» **Required work**:
Word for word, write the lines below out again, with no pictures.

» **Data supplied**:
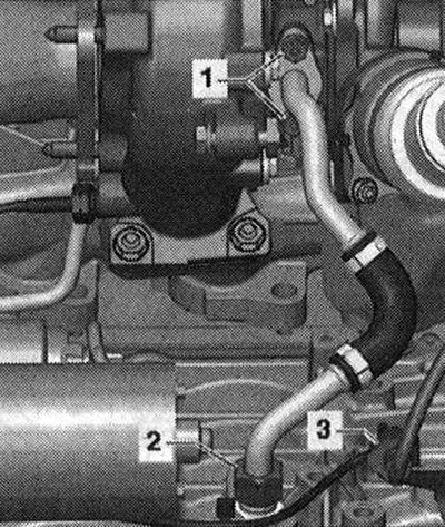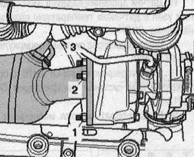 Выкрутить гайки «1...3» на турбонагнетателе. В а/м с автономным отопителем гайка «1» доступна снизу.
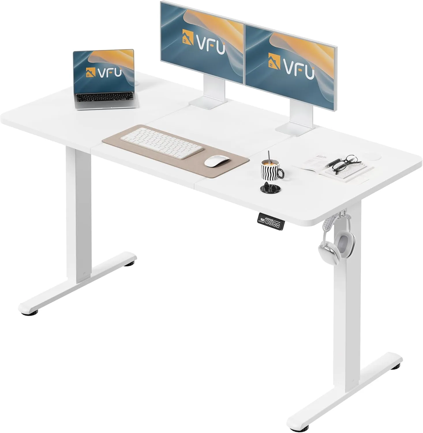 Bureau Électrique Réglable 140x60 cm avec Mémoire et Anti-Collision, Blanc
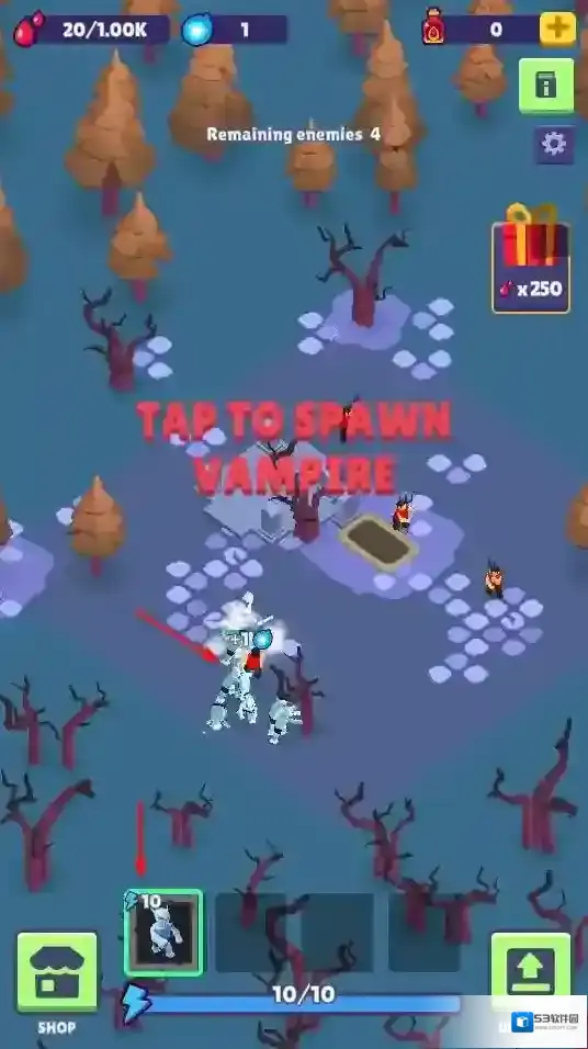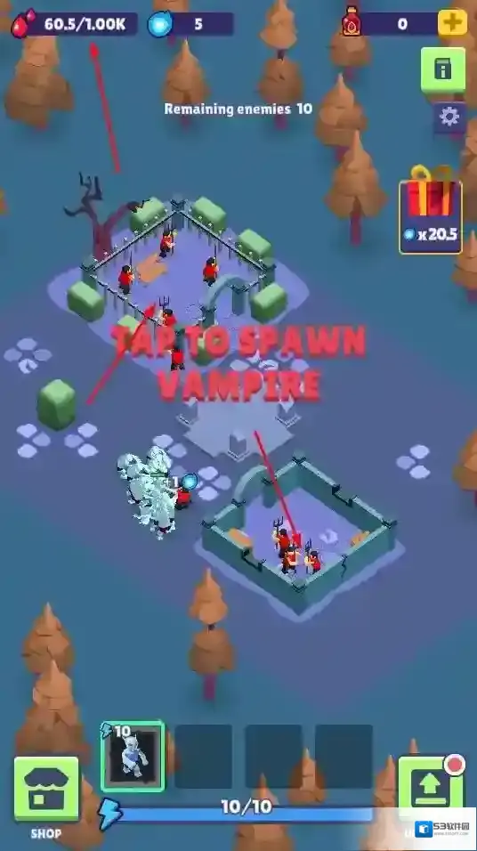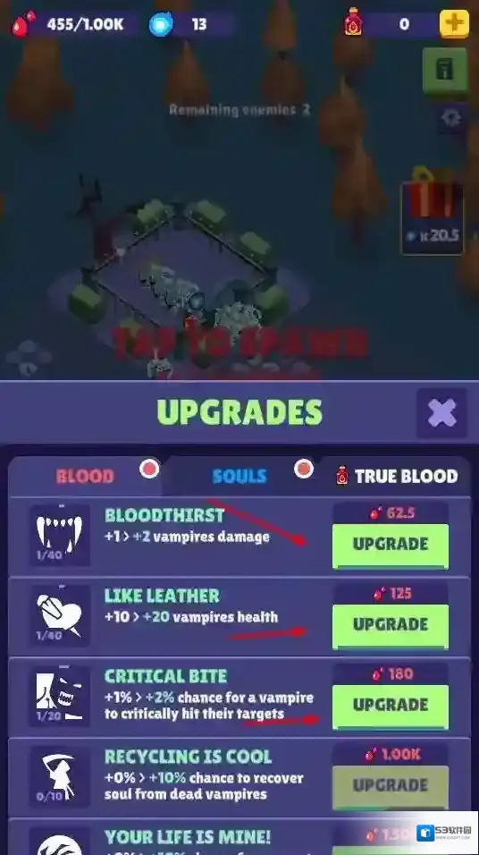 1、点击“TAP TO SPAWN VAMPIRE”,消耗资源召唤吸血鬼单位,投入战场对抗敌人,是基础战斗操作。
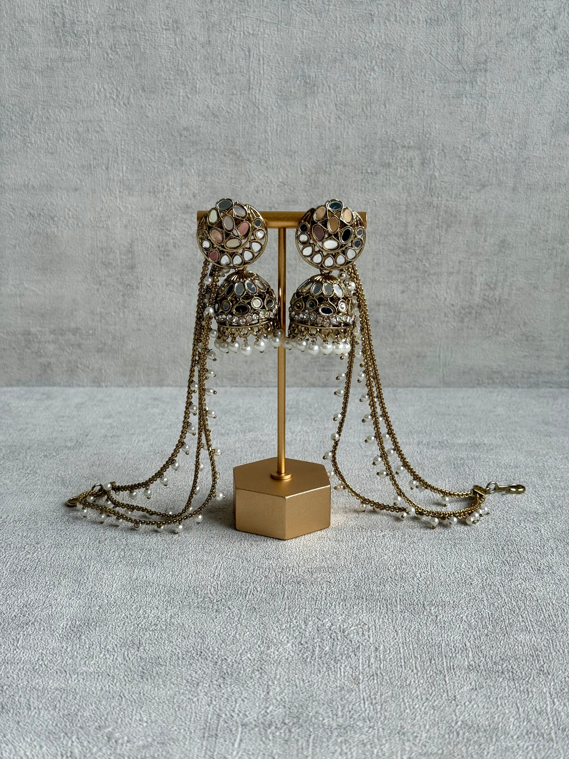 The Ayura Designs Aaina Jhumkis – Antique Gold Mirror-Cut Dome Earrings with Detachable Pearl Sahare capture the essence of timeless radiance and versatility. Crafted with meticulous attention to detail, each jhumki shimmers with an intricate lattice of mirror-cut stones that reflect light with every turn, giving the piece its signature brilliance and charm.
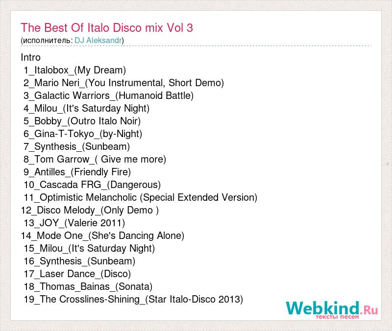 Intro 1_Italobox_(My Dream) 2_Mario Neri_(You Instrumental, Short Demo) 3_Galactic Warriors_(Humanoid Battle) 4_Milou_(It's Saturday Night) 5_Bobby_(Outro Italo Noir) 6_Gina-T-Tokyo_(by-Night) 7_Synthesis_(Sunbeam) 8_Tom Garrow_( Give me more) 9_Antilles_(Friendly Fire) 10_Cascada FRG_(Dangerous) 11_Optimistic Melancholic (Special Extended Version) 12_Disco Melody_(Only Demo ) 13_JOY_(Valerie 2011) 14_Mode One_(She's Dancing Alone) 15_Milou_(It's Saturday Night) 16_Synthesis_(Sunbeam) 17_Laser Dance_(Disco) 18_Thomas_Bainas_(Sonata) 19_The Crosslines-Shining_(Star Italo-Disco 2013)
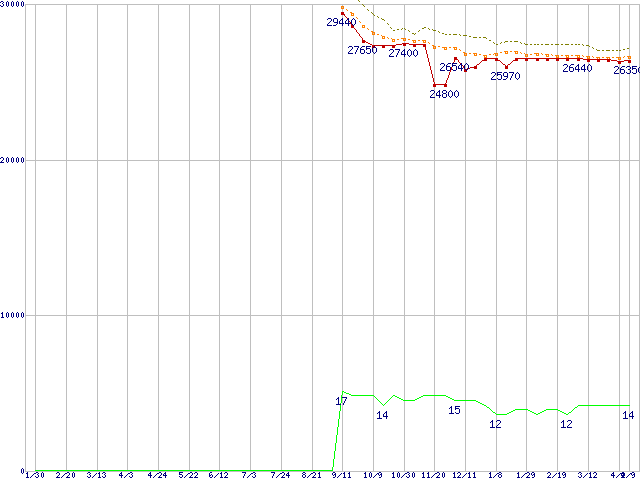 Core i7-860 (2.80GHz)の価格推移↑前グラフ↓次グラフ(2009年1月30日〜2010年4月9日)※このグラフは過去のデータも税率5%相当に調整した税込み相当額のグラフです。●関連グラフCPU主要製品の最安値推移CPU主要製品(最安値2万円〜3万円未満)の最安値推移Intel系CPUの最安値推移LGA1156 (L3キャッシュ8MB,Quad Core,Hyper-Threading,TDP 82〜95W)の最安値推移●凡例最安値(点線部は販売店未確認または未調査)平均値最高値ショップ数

» **Response for this exercise**:
 Выкрутить гайки «1...3» на турбонагнетателе. В а/м с автономным отопителем гайка «1» доступна снизу.
 Bureau Électrique Réglable 140x60 cm avec Mémoire et Anti-Collision, Blanc
 1、点击“TAP TO SPAWN VAMPIRE”,消耗资源召唤吸血鬼单位,投入战场对抗敌人,是基础战斗操作。
 The Ayura Designs Aaina Jhumkis – Antique Gold Mirror-Cut Dome Earrings with Detachable Pearl Sahare capture the essence of timeless radiance and versatility. Crafted with meticulous attention to detail, each jhumki shimmers with an intricate lattice of mirror-cut stones that reflect light with every turn, giving the piece its signature brilliance and charm.
 Intro 1_Italobox_(My Dream) 2_Mario Neri_(You Instrumental, Short Demo) 3_Galactic Warriors_(Humanoid Battle) 4_Milou_(It's Saturday Night) 5_Bobby_(Outro Italo Noir) 6_Gina-T-Tokyo_(by-Night) 7_Synthesis_(Sunbeam) 8_Tom Garrow_( Give me more) 9_Antilles_(Friendly Fire) 10_Cascada FRG_(Dangerous) 11_Optimistic Melancholic (Special Extended Version) 12_Disco Melody_(Only Demo ) 13_JOY_(Valerie 2011) 14_Mode One_(She's Dancing Alone) 15_Milou_(It's Saturday Night) 16_Synthesis_(Sunbeam) 17_Laser Dance_(Disco) 18_Thomas_Bainas_(Sonata) 19_The Crosslines-Shining_(Star Italo-Disco 2013)
 Core i7-860 (2.80GHz)の価格推移↑前グラフ↓次グラフ(2009年1月30日〜2010年4月9日)※このグラフは過去のデータも税率5%相当に調整した税込み相当額のグラフです。●関連グラフCPU主要製品の最安値推移CPU主要製品(最安値2万円〜3万円未満)の最安値推移Intel系CPUの最安値推移LGA1156 (L3キャッシュ8MB,Quad Core,Hyper-Threading,TDP 82〜95W)の最安値推移●凡例最安値(点線部は販売店未確認または未調査)平均値最高値ショップ数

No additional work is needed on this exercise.